-- Exercise data follows --

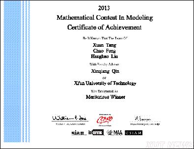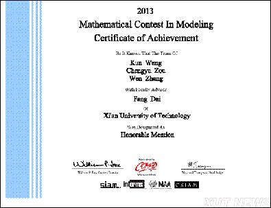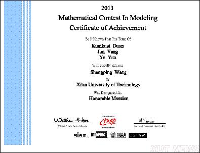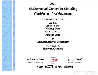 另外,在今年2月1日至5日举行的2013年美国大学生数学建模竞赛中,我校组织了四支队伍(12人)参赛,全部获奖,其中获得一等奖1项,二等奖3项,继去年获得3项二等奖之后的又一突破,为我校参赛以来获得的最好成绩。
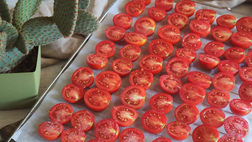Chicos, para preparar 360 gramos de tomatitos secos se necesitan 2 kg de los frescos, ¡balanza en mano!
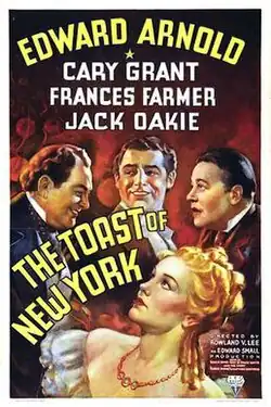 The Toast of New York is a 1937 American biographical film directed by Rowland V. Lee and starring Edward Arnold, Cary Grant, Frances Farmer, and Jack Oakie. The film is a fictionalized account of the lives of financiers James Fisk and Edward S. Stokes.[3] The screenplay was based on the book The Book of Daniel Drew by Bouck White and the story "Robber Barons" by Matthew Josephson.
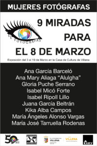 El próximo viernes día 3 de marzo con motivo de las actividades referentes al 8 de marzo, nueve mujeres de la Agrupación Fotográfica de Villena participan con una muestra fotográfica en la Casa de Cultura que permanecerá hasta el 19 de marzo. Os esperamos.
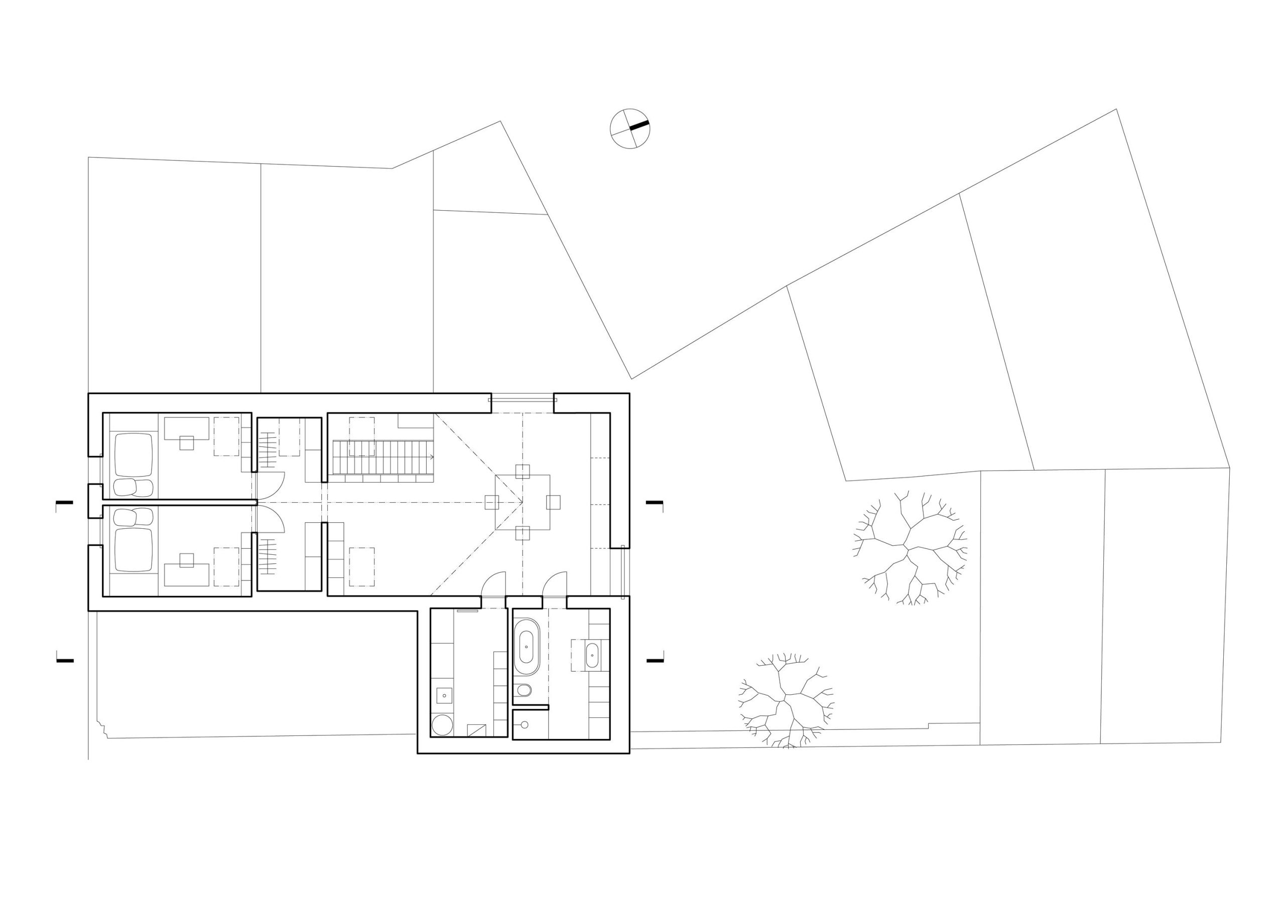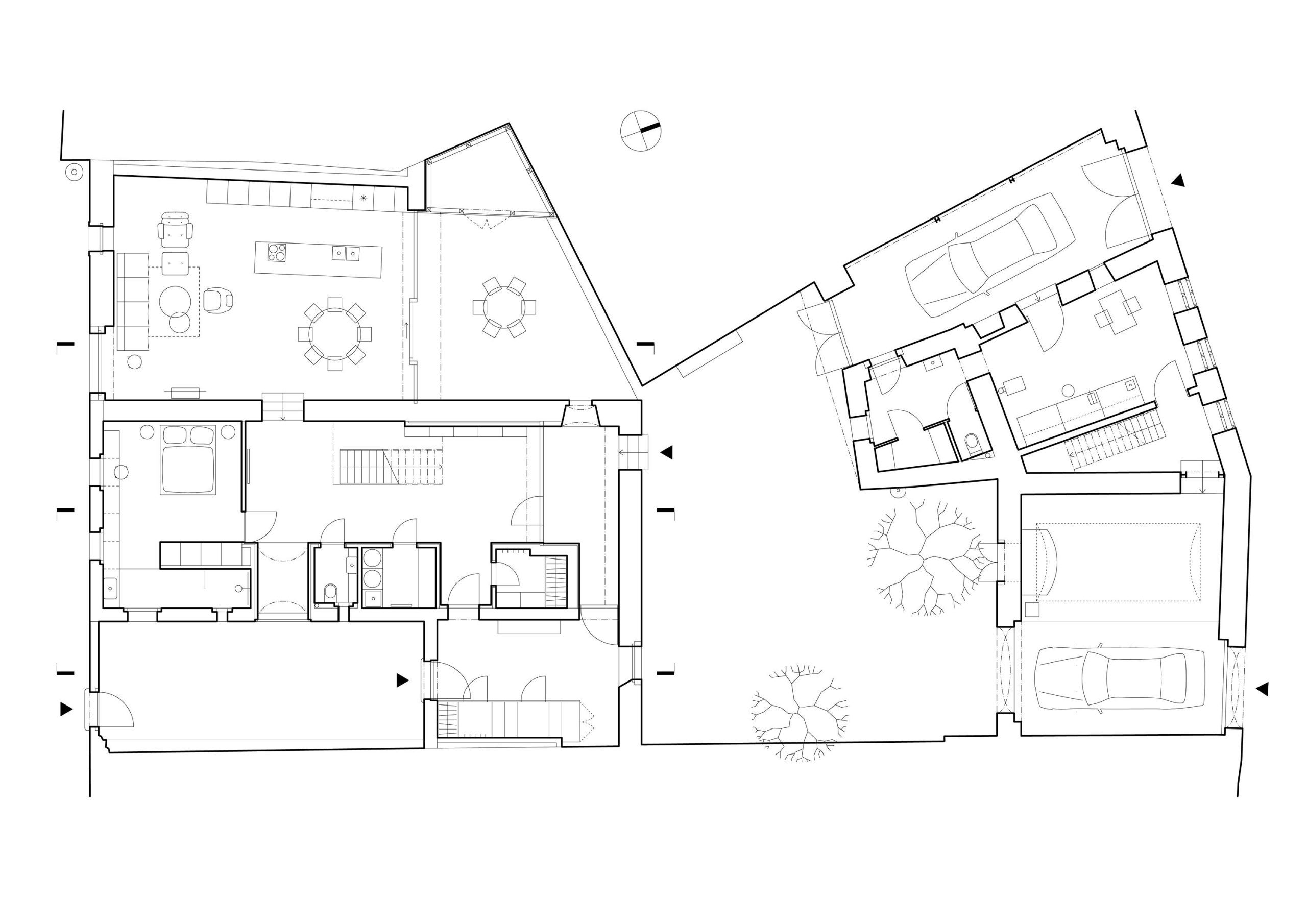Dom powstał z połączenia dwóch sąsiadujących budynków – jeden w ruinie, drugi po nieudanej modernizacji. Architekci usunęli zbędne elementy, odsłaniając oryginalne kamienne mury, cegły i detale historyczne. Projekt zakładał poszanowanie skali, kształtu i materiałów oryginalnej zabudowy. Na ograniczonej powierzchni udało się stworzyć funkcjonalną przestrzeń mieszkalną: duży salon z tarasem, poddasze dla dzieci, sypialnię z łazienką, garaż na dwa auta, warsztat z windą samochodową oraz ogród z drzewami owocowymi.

-- Exercise data concluded --

### To do
Transcribe the entries from their first line to the line that holds "El próximo viernes", both included, and skip every picture.

### Exercise solution
 另外,在今年2月1日至5日举行的2013年美国大学生数学建模竞赛中,我校组织了四支队伍(12人)参赛,全部获奖,其中获得一等奖1项,二等奖3项,继去年获得3项二等奖之后的又一突破,为我校参赛以来获得的最好成绩。
Chicos, para preparar 360 gramos de tomatitos secos se necesitan 2 kg de los frescos, ¡balanza en mano!
 The Toast of New York is a 1937 American biographical film directed by Rowland V. Lee and starring Edward Arnold, Cary Grant, Frances Farmer, and Jack Oakie. The film is a fictionalized account of the lives of financiers James Fisk and Edward S. Stokes.[3] The screenplay was based on the book The Book of Daniel Drew by Bouck White and the story "Robber Barons" by Matthew Josephson.
 El próximo viernes día 3 de marzo con motivo de las actividades referentes al 8 de marzo, nueve mujeres de la Agrupación Fotográfica de Villena participan con una muestra fotográfica en la Casa de Cultura que permanecerá hasta el 19 de marzo. Os esperamos.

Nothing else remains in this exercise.